露银枝满足的坐在秋千上,望着满天星斗,笑得比蜜还甜。
同坐在秋千上的芍药匪夷所思:“夫人,您是有什么开心事吗?怎的如此开心。”
露银枝看向芍药:“当然有了,就是……”她轻轻捏了捏芍药柔软的脸,“你。”
芍药被她的笑容感染,随着笑了。
“夫人,你一个人的时候,都会做些什么?”
露银枝继续望向星空:“睡觉,散步,变个小法术逗自己玩。”
芍药噗嗤声笑了。
露银枝不解:“你笑什么?”
芍药刹住笑,道:“我只是觉得,夫人很可爱。”
露银枝谦虚道:“哪有的事,要真是这样他也不会不理我……”
露银枝低下头,黯然忧伤。
“小妖!”
露银枝抬起头,司越不知何时站到了庭院中,手里拿着把羽扇尽是悠闲。
露银枝惊讶的起身:“司越!你怎么来了?”
司越走到露银枝面前,不客气的坐在秋千上,芍药赶忙起身,小声问露银枝:“夫人,这人一身上下黑不拉几的,谁啊?”
露银枝被“黑不拉几”这四个字逗的一笑,道:“他是我朋友,不过认识不久,也很少来往,这是第二次见面。
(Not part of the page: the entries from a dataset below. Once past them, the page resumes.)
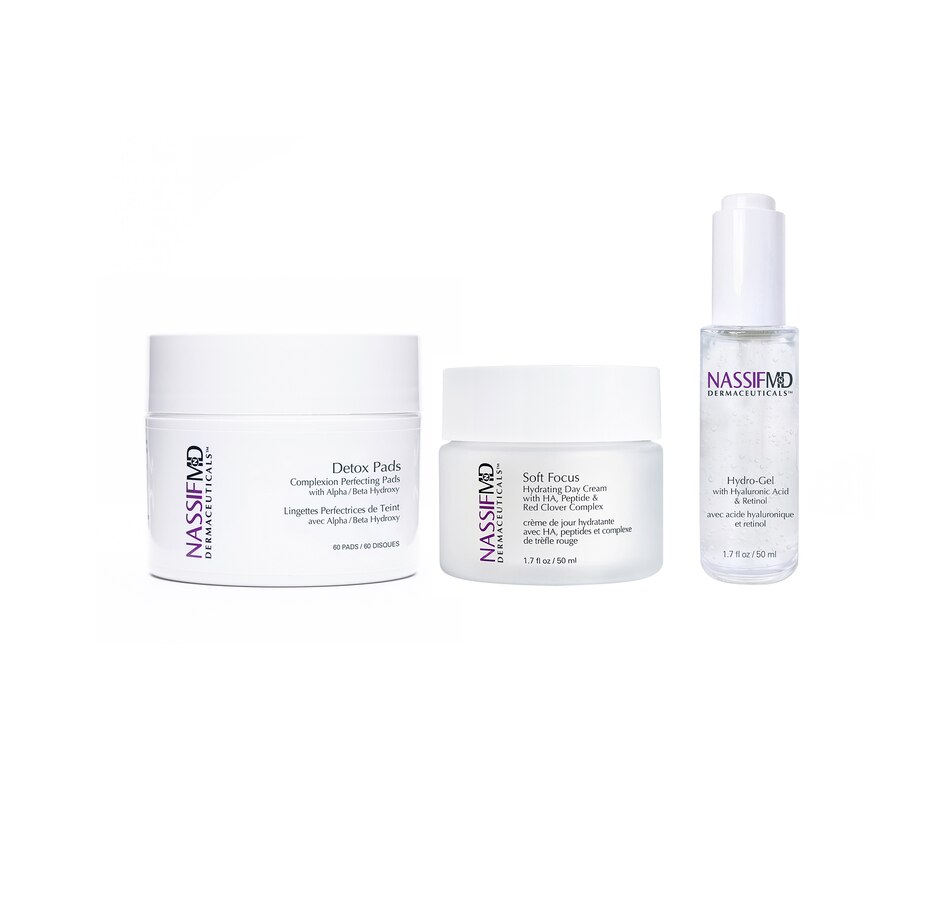 This is a trio of best selling Detox Pads to properly cleanse, exfoliate and prep the skin with Hydro-Gel Serum to improve hydration, tone and texture. The Soft Focus Day Cream is there to instantly brighten and blur imperfections while improving skin texture and hydration over time.
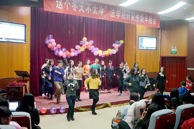 高歌迎元旦,激扬舞青春。 2015年12月29日晚,由法学院研究生会主办的2015年德赢AC米兰官网法学院“这个冬天不太冷”研究生冬季晚会在七号楼108举行。法学院党委副书记副院长张爱秀老师、环境法所龚向前老师、诉讼法所周建华老师、办公室主任王福亮老师、研究生教学干事孙海燕老师、本科生教学干事赵静老师、财务干事刘一诺老师以及法学院团委书记聂宁宁老师与研究生们一同欣赏了这场青春盛宴。
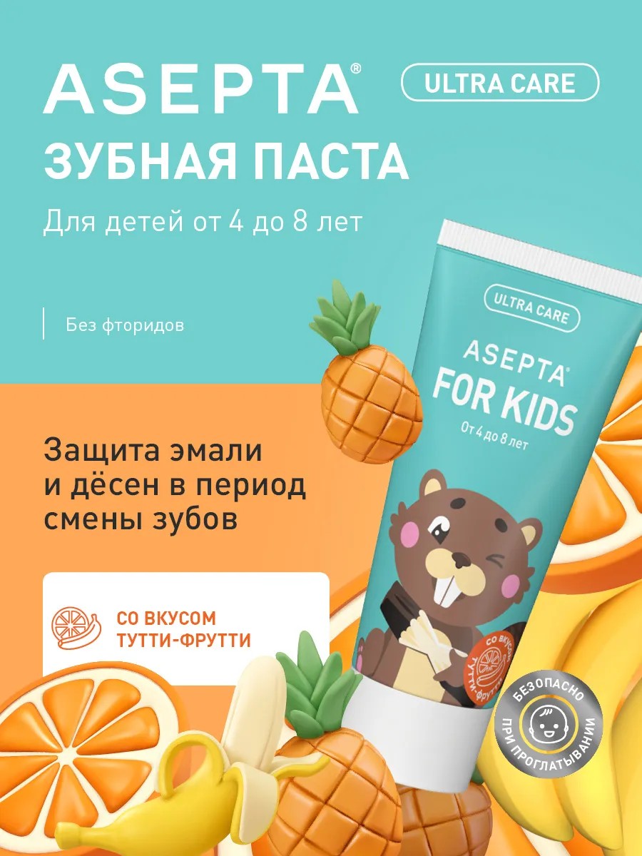 Асепта Зубная паста детская 4-8 лет ASEPTA KIDS тутти-фрутти, 50 мл
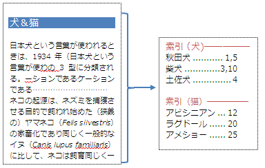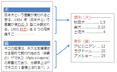 文書内に複数の索引を作成する場合、2通りの状況が想定されます。

”
司越听露银枝当他是朋友,趾高气扬道:“不常来往感情也好,小妖,听闻人间游龙节,灯火阑珊,热闹非凡,你要不要和本座一起去凑凑热闹?”
露银枝先是一喜,但想到灵武君关她禁闭,还有一万遍天规一笔没动,喜色一点点散去。
“得了吧,我嫁给了一块冰,冰就喜欢冻住人,可出不去。”
司越看向芍药:“本座要和小妖聊一会,你先回避一下。”
芍药有些忧伤,很想留下来,但也不是没有眼力,听话的避开。
司越心疼的看向露银枝,心里对灵武君生气无名火,起身拉住露银枝手腕:“天地之大,什么样的好男人没有,非他不可?遭这罪干嘛?跟本座走,过逍遥自在的日子去。”
司越向前走两步,一点也拽不动露银枝,他回过头,很是不理解。
露银枝推开司越的手:“司越,我嫁给他是一回事,愿意留下来不走是另一回事,我现在还不能告诉你,这是我一个人的秘密。”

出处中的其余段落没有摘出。